Ils se sont tous deux fuis, puis rejoints, dans la quête de la vérité et de l’immortalité. Frank est donc un guide, et lui dira lors de leur première rencontre « ah, tu m’as attendu ! » C’est par lui et pour lui qu’elle décrit la vérité, comme si, en effet, elle avait espéré un libérateur. C’est, par ailleurs, par lui que sa confession va être lue. Il va, dans un premier temps, remettre à Kevin le devoir d’Eleanor, qui sera, par la suite, transmis à Morag.

Néanmoins, l’ « accouchement » de son identité est vécu comme une traîtrise, dira Eleanor « sans une traîtrise, je ne serai pas ici », et lorsque Morag lui explique qu’elle peut encore partir, elle reste.

Le cheminement d’Eleanor est douloureux, mais salutaire, puisqu’elle décide de dire à Morag qui elle est, et comment elle pourra le démontrer, lorsque le temps viendra où Morag « cueillera des roses sur son fauteuil roulant ».
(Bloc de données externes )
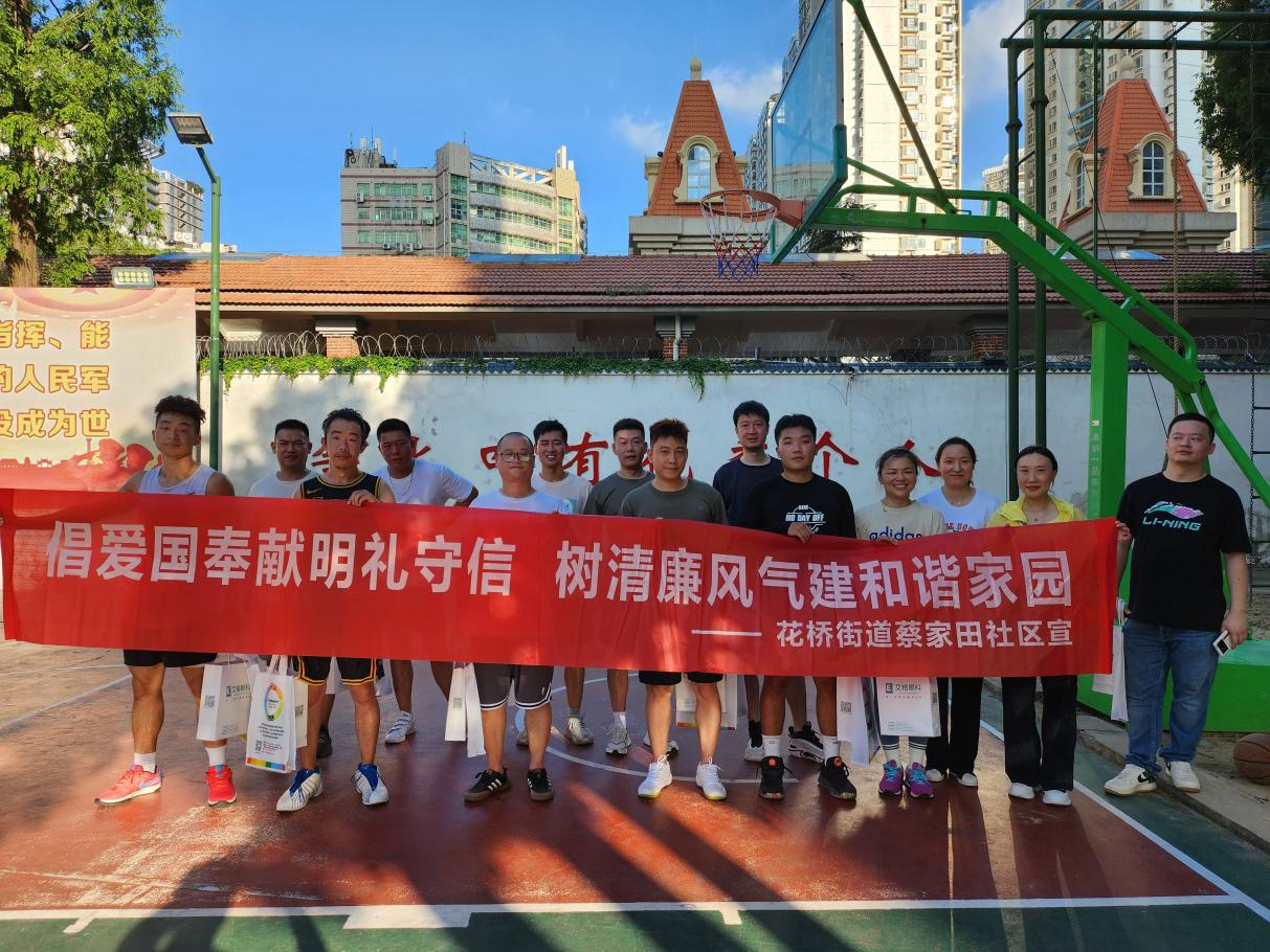 活动最后,社区开展了友谊篮球赛活动,“退役不褪色队”和“正在扛起奋斗大旗队”的队员们在篮球场上挥洒汗水,精诚团结,各种配合和快攻快守让现场观众阵阵叫好,最终,“正在扛起奋斗大旗队”赢得胜利。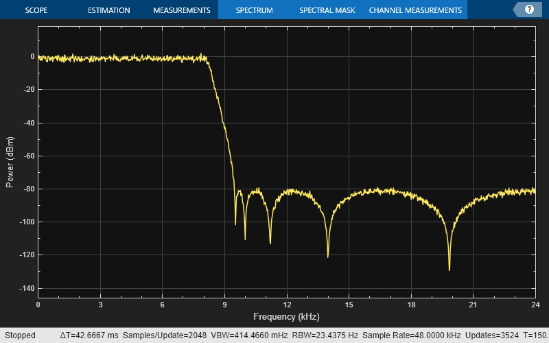 SA_IIR = spectrumAnalyzer(SampleRate=Fs,PlotAsTwoSidedSpectrum=false); tic while toc < 10 x = randn(256,1); y = LP_IIR(x); SA_IIR(y); end release(SA_IIR)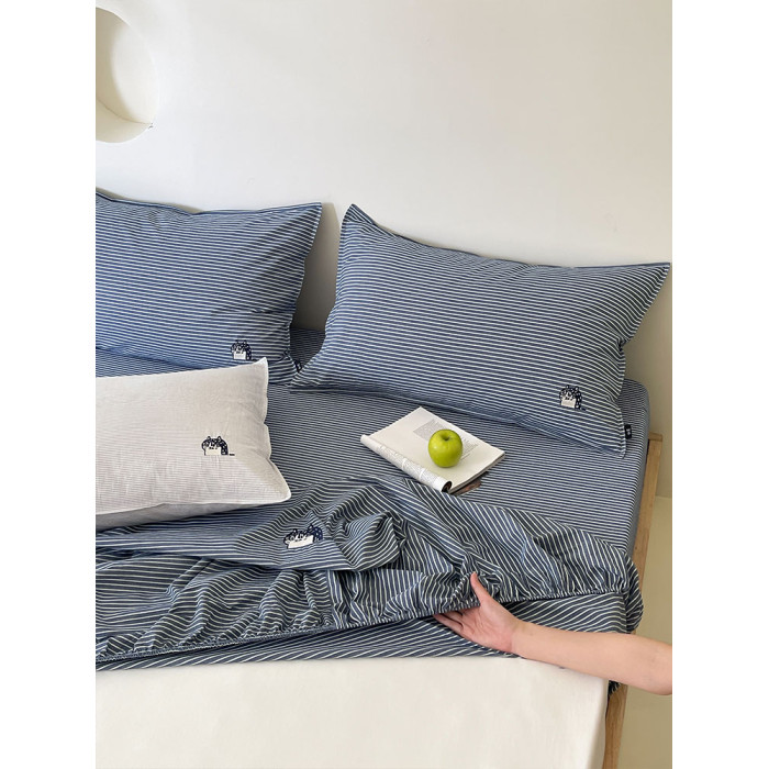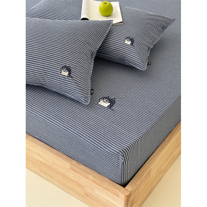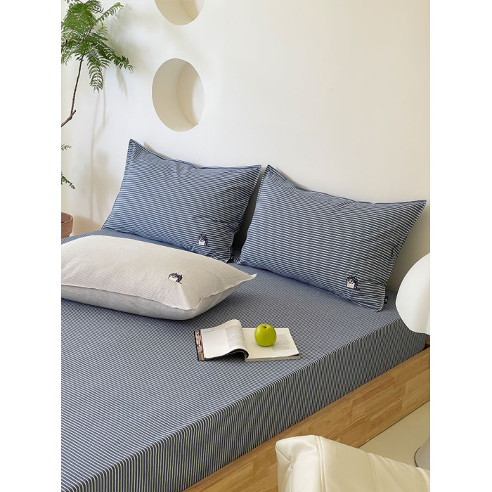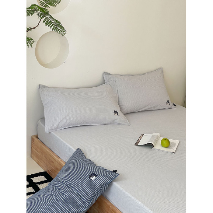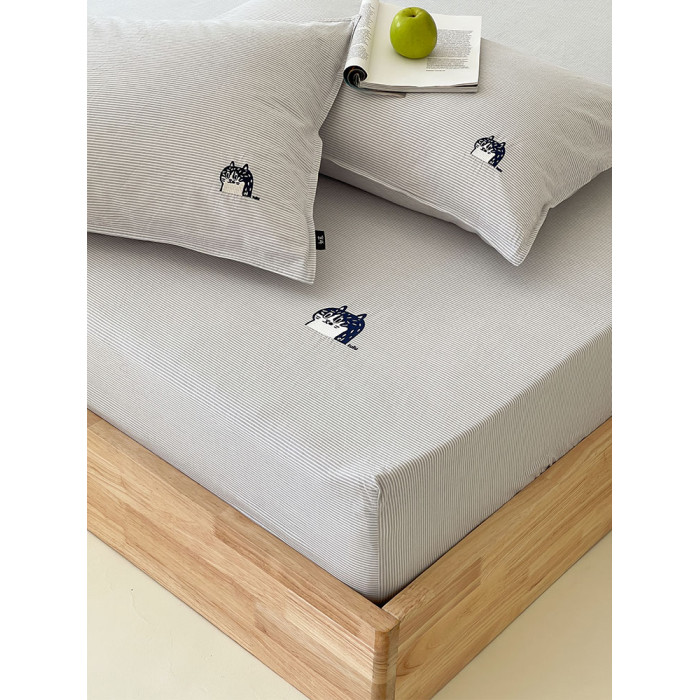 春夏全棉色織水洗全棉床笠貓咪綉花麻感春夏枕套單件如茉原創設計
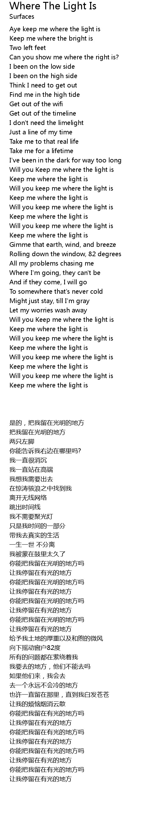Will you keep me where the light is |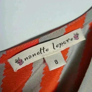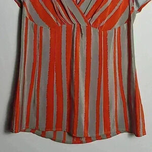Nanette Lepore Grey/Orange Striped 100% Silk Short Sleeve Top Size 8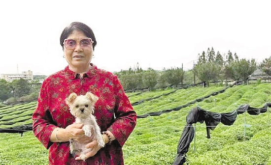 刘女士和爱犬在自己年轻时工作的茶园合影。受访者供图

La séparation ou l’indépendance…

L’histoire d’Eleanor débute avec Clara et prend fin avec elle. C’est la métaphore des liens maternels dans l’union et la séparation. Clara tentera à tout prix de protéger sa fille, et dès l’instant où le mal est anéanti (en référence au mal latent de la confrérie des ongles pointus de la justice), elle laissera son enfant partir vers d’autres lieux, tout en sachant qu’elle ne sera pas seule. Un vampire ne peut survivre seul, à l’instar d’Entretien avec un vampire, la transition s’opère ainsi par la vampirisation d’un autre, Lestat et Louis, Louis et Claudia, Louis et Armand. Dans Byzantium, elle le sera, entre Clara et Eleanor, puis Clara et Darvell, et entre Eleanor et Frank.
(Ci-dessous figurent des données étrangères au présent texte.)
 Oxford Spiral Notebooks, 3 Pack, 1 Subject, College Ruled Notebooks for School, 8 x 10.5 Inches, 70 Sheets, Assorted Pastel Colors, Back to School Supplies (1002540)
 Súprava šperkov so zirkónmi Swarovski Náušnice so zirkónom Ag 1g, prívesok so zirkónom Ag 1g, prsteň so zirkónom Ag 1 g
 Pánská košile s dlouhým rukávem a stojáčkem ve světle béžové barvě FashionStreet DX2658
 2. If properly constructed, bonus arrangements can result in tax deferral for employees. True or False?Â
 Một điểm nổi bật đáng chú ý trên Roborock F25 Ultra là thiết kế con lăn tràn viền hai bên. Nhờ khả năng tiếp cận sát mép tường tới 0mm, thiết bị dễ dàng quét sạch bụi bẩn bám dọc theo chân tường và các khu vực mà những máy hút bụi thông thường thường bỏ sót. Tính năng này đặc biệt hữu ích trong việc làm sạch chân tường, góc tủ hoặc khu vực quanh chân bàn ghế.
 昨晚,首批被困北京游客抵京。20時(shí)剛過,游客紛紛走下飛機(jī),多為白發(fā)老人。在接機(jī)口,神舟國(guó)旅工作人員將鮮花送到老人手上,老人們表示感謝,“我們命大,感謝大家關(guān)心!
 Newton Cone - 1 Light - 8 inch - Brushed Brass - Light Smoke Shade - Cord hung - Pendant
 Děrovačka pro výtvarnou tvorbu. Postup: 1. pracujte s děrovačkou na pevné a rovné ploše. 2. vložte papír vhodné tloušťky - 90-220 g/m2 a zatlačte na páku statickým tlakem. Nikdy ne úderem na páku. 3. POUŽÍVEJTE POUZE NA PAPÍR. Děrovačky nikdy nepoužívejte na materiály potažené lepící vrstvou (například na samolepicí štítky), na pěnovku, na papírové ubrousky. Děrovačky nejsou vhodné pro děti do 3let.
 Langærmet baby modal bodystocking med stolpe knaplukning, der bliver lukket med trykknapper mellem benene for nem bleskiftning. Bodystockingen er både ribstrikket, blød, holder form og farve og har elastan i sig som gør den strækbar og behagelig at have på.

Pourtant, le cheminement vers l’autre s’accomplit douloureusement pour faire renaître un autre couple de vampires. Ici, Clara et Eleanor vont reformer l’une et l’autre un binôme séparément.

Darvell sera le lien entre les deux femmes. Il sera celui qui aura ouvert indirectement la voie de l’éternité à Clara et celui avec qui elle partira, pour se séparer de sa fille. C’est avec lui encore qu’elle reprendra une vie différente, non plus de mère, mais de compagne du vampire.

La rencontre finale entre tous les protagonistes s’instaure dans un climat violent et effréné, à l’image de la course poursuite entre Clara et le vampire, à la sortie du bar, et dont l’issue est la décapitation d’un vampire, dans les deux scènes.

Et Byzantium prend tout son sens par la lame tranchante de Byzance, trophée des croisades du chef de la confrérie des ongles pointus de la justice. Le cinéaste exploite le symbole de la lame de Byzance, en référence à une époque ancestrale de la civilisation.  
Et, le passé resurgit, à nouveau, plus « présent » que jamais. Clara, se refusant de mourir, évoquera le passé, le sien au regard de Darvell, son passé de jeune fille à la perle. Clara retrouvera l’image d’une humaine « pure », sur la plage, entrain de ramasser des coquillages.

Clara dira à Eleanor qu’il faut, à présent « regarder devant soi » et non plus vers le passé, la laissant partir sans elle.

Eleanor mènera Frank vers la grotte sans nom, couché dans la barque, tel un vampire en devenir, acceptant de mourir pour trouver la vie éternelle auprès d’Elle.

Byzantium : une analyse du film

Neil Jordan  exploite, à nouveau, au-delà de la problématique des liens maternels, le mythe du vampire. Il l’interroge, dans ce film, à travers la question du choix, ainsi que dans le rapport à l’identité propre du vampire.